Cinquante ans après sa découverte, Lucy n’a pas livré tous ses secrets
Publié le - par LeBlob.fr, avec l’AFP
Les quatre boîtes sont sorties avec soin d’un coffre-fort, puis posées sur une longue table. A l’intérieur, des restes dentaires, des fragments de crâne, de bassin et de fémur de la plus célèbre australopithèque, Lucy, découverte il y a cinquante ans en Ethiopie.
Le 24 novembre 1974, dans la région de l’Afar nichée dans le nord-est du pays, une équipe de scientifiques initialement formée de Maurice Taieb, Yves Coppens, Donald Johanson, Jon Kalb et Raymonde Bonnefille, mettaient au jour 52 fragments d’ossements, permettant de composer environ 40 % du squelette. Ce fossile d’hominidé bipède, à l’époque le plus complet jamais trouvé, va révolutionner la recherche scientifique et la compréhension de nos ancêtres.
D’abord appelé A.L-288-1, les chercheurs le surnomment ensuite Lucy, en référence à la chanson des Beatles «Lucy in the Sky with Diamonds», que l’équipe écoutait après avoir fêté la découverte. Il s’agit d’un Australopithecus afarensis, vieux de 3,18 millions d’années.

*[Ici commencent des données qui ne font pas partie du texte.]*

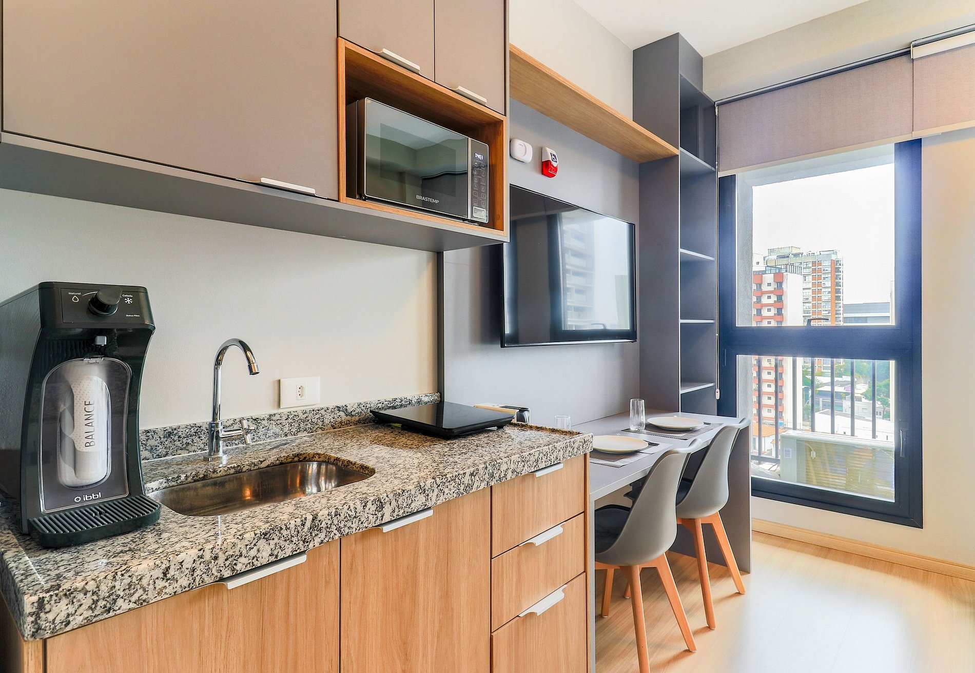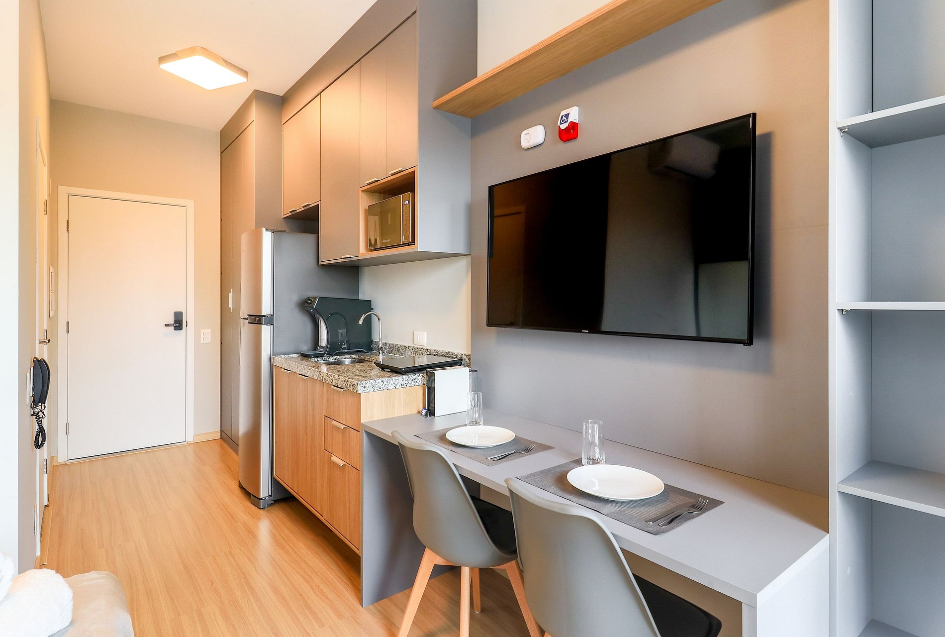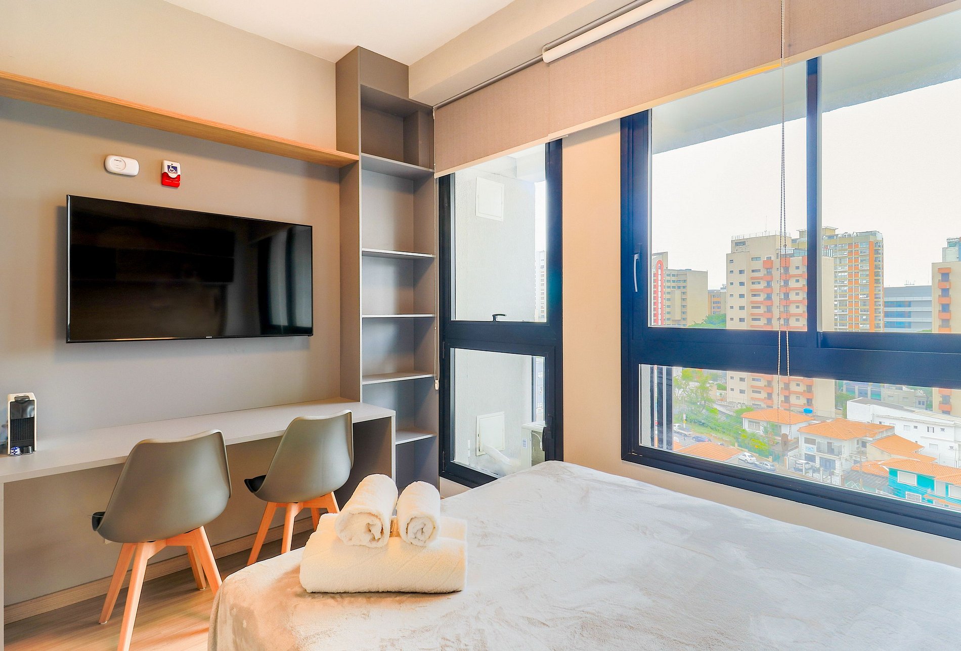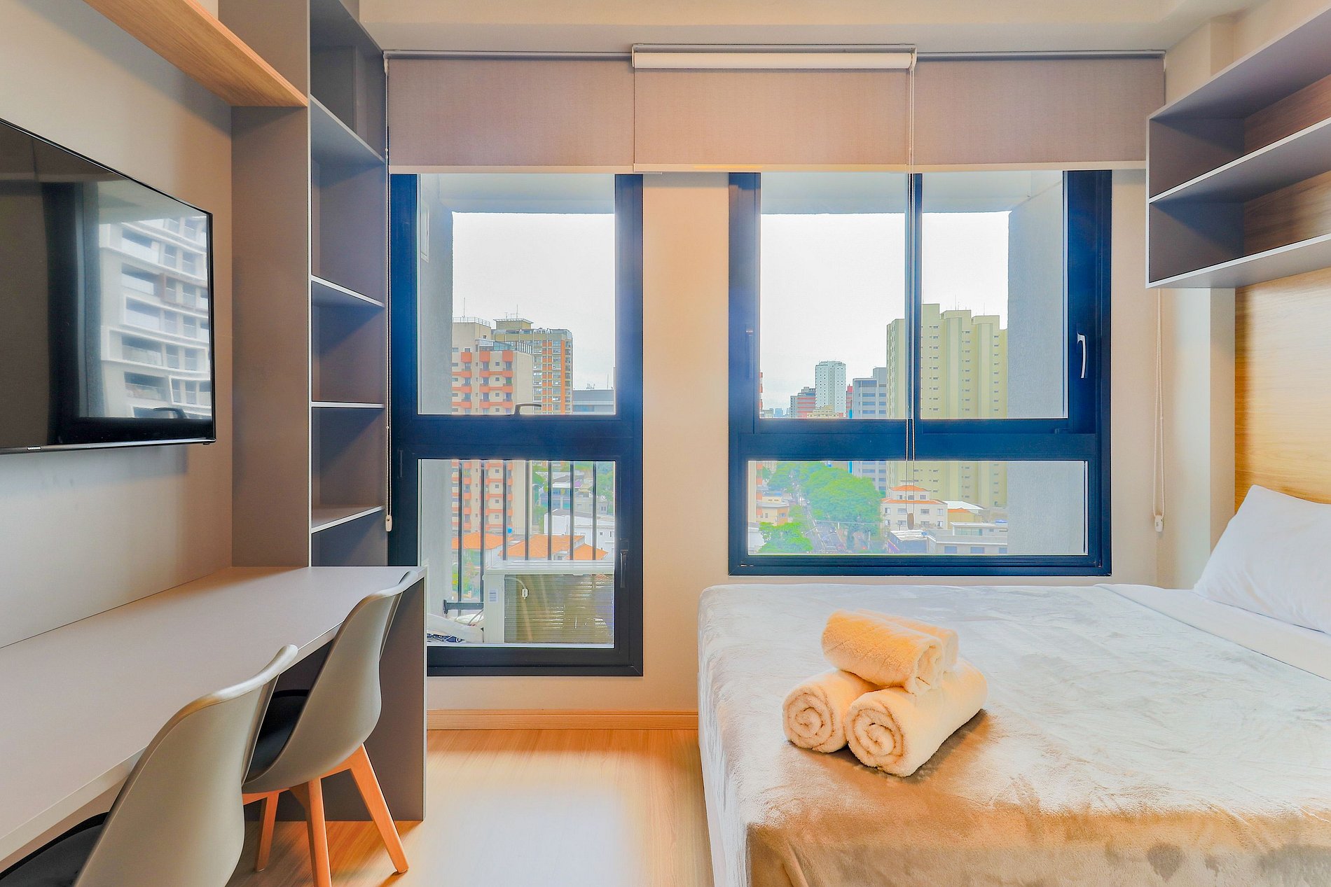 O apartamento possui 1 cama de casal padrão (1,38x1,88). Cozinha completa com geladeira, freezer, micro-ondas, fogão de indução (1 bocas), taças de vinho, cafeteira nespresso para home office, guarda-roupa, Mesa, 2 Cadeira Interna, filtro de agua, forninho, liquidificador , TV e banheiro com ótimo chuveiro (água quente e fria) secador e ferro de passar.. Será fornecido um jogo de enxoval (lençóis, travesseiros, fronhas e toalhas de banho e rosto) por hóspede. Não há trocas durante a permanência. Também é possível deixar um kit de enxovais extra com o pagamento de uma taxa adicional! Outras observações Ao redor do endereço Rua Coronel Lisboa 805 você encontrará uma variedade de opções para tornar sua estadia cada vez mais agradável.
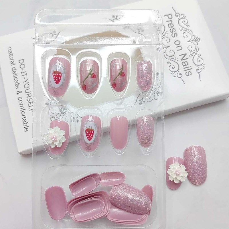 - Easy to Apply:Full cover spring flower false nails set are instead of spend lots time, you can change you nails style in 15 min .Clean your nails before use and avoid using water for the first hour after wearing them , strawberry acrylic nails will stay longer
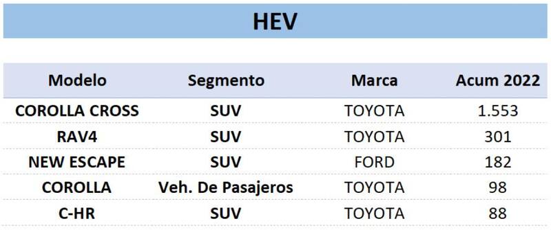 Le siguen los vehículos híbridos convencionales (HEV) con 2.552 unidades vendidas, los 100% eléctricos (BEV) con 1.295 unidades y finalmente los vehículos híbridos enchufables (PHEV) con 474 unidades.
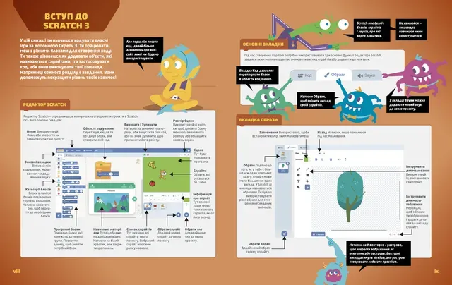 У цій книжці ти навчишся кодувати власні ігри за допомогою Scratch 3. Ти працюватимеш з різними блоками для створення коду. Ти також дізнаєшся як додавати об’єкти, які називаються спрайтами, та застосовувати код, аби вони виконували твої команди. Наприкінці кожного розділу є завдання. Вони допоможуть покращити рівень твоїх навичок!
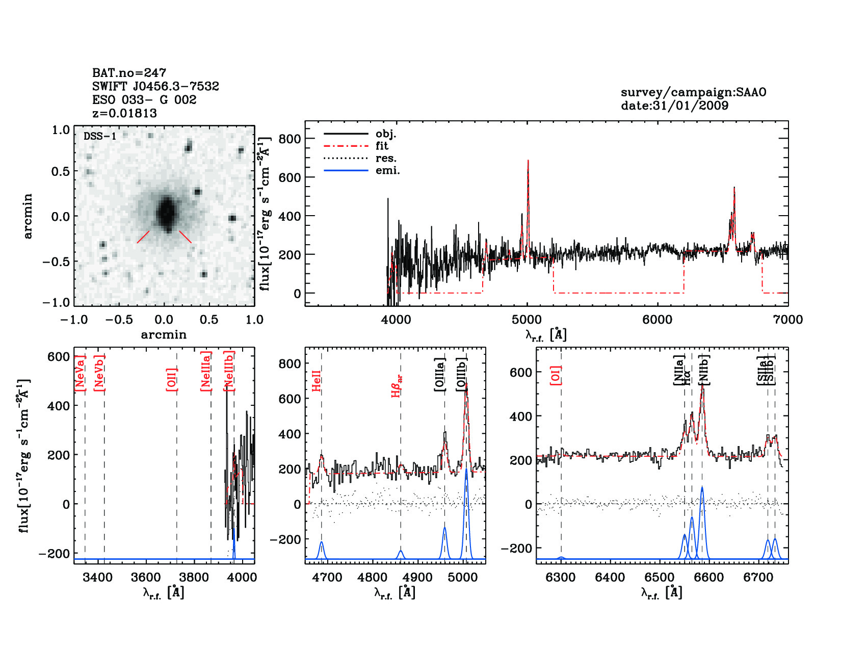 | 247 | SWIFT J0456.3-7532 | ESO 033- G 002 | 73.9957 | -75.5412 | 0.01813 | 1.40 | 21.30 | 1.80 | 22.90 | 22.51[22.20-22.91] | 1.82(0.14,0.21) | optical | NED |
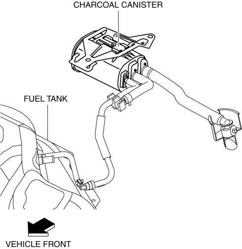 The charcoal canister is installed near the fuel tank.
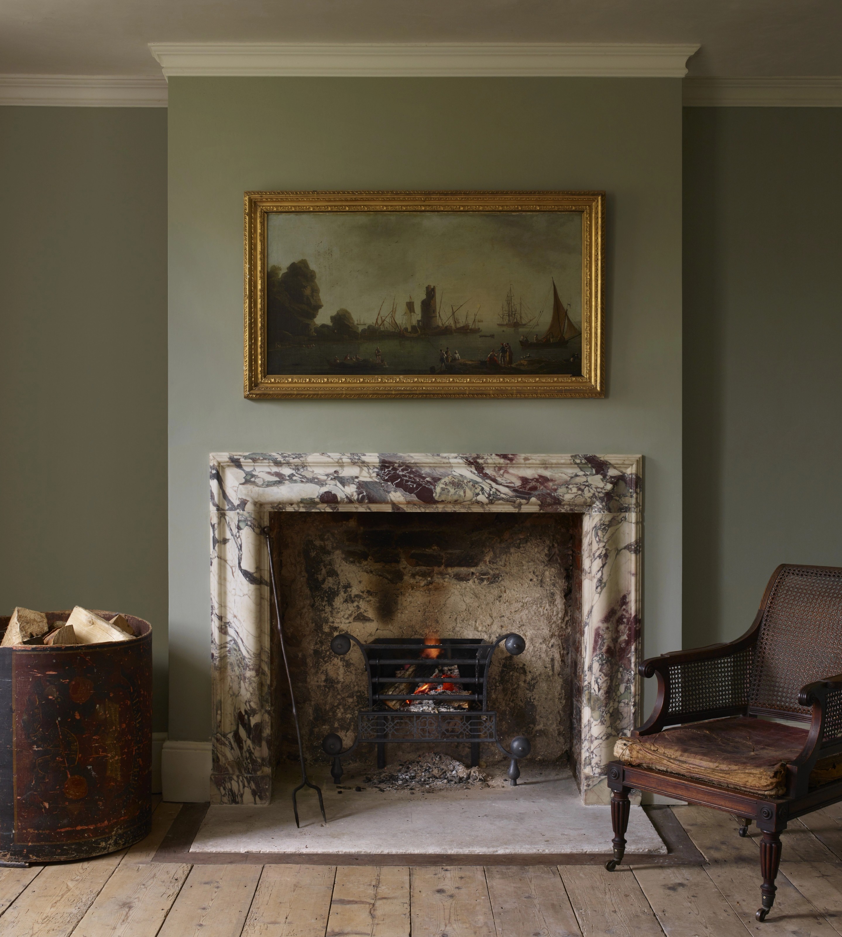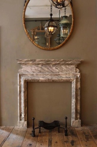 The choice of material can give an important hierarchy between several pieces throughout one property. The principal rooms often require more opulent or bolder tones than more intimate spaces, which might suit a more muted palette. The drama and dynamism of breche marble often lend themselves to more architectural carving, particularly in the early Georgian era, when exotic marbles were very highly valued. In a design scheme where carving is not favoured, a strong marble can imbue a simple chimneypiece with the gravitas to hold a principle room.

Lucy, morte possiblement entre 11 et 13 ans (ce qui est considéré comme un âge adulte pour cette espèce) mesurant 1,10 m de haut et pesant 29 kg, est conservée dans une pièce non ouverte au public au musée national d’Ethiopie, au cœur de la capitale Addis Abeba.
Pour Sahleselasie Melaku, qui dirige le département paléontologie, Lucy a changé « la perception de l’évolution humaine ». Il considère la période antérieure à sa découverte comme « une période sombre » de la recherche scientifique. « Depuis sa découverte, nous avons beaucoup appris sur nos propres origines », affirme le scientifique de 31 ans.
Le musée reçoit toujours de nombreuses sollicitations pour l’étudier, mais le squelette ne quitte désormais plus l’Ethiopie. Sahleselasie Melaku est toujours émerveillé par sa conservation. Il pointe notamment du doigt une vertèbre, légèrement déformée. « Cela veut dire qu’elle avait sûrement des problèmes de dos », souligne-t-il. « La découverte de Lucy, ça a été un moment assez exceptionnel parce qu’il faut se rendre compte qu’il y a 50 ans, on connaissait finalement très peu de choses avant 3 millions d’années et on n’avait rien d’aussi complet », remarque Jean-Renaud Boisserie, paléontologue, directeur de recherches au CNRS, affecté au Centre français des études éthiopiennes.
Longtemps décrite comme « la grand-mère de l’humanité », Lucy est aujourd’hui plutôt considérée comme une tante ou une cousine – sa filiation directe avec l’Homme étant contestée.
Car depuis 1974, de nombreuses découvertes ont rebattu les cartes, avec des spécimens mis au jour en Ethiopie, en Afrique du Sud, au Kenya mais aussi au Tchad, avec « Toumaï » découvert en 2001 qui date d’environ 7 millions d’années. Il est considéré par certains scientifiques comme le premier représentant de la lignée humaine.
Toujours étudiée, Lucy n’a pas encore livré tous ses secrets. Selon une étude publiée en 2016, elle passait un tiers de son temps dans les arbres, où elle nichait, et était dotée de membres supérieurs très développés. Elle serait morte après être tombée d’un arbre, selon une étude de la revue américaine PLOS One parue la même année. En 2022, une autre étude publiée dans la revue Nature et s’intéressant notamment au bassin de Lucy, a conclu que les nouveaux-nés australopithèques avaient un cerveau très immature, comme les nouveaux-nés actuels, et nécessitaient la coopération des parents pour s’occuper d’eux.
« Il reste encore de nombreuses questions sans réponse, sourit Sahleselasie Melaku, avant de poursuivre : En particulier, nous n’en savons pas beaucoup plus sur l’enfance de ces ancêtres ». Pour le paléontologue, les progrès scientifiques et les matériels de plus en avancés permettent de pousser davantage la compréhension. « Les études qui peuvent être menées sur elle, sur ses semblables, posent les questions scientifiques de demain », souligne Jean-Renaud Boisserie : « Un matériel aussi exceptionnel que celui-là a un rôle moteur dans l’évolution de la recherche ».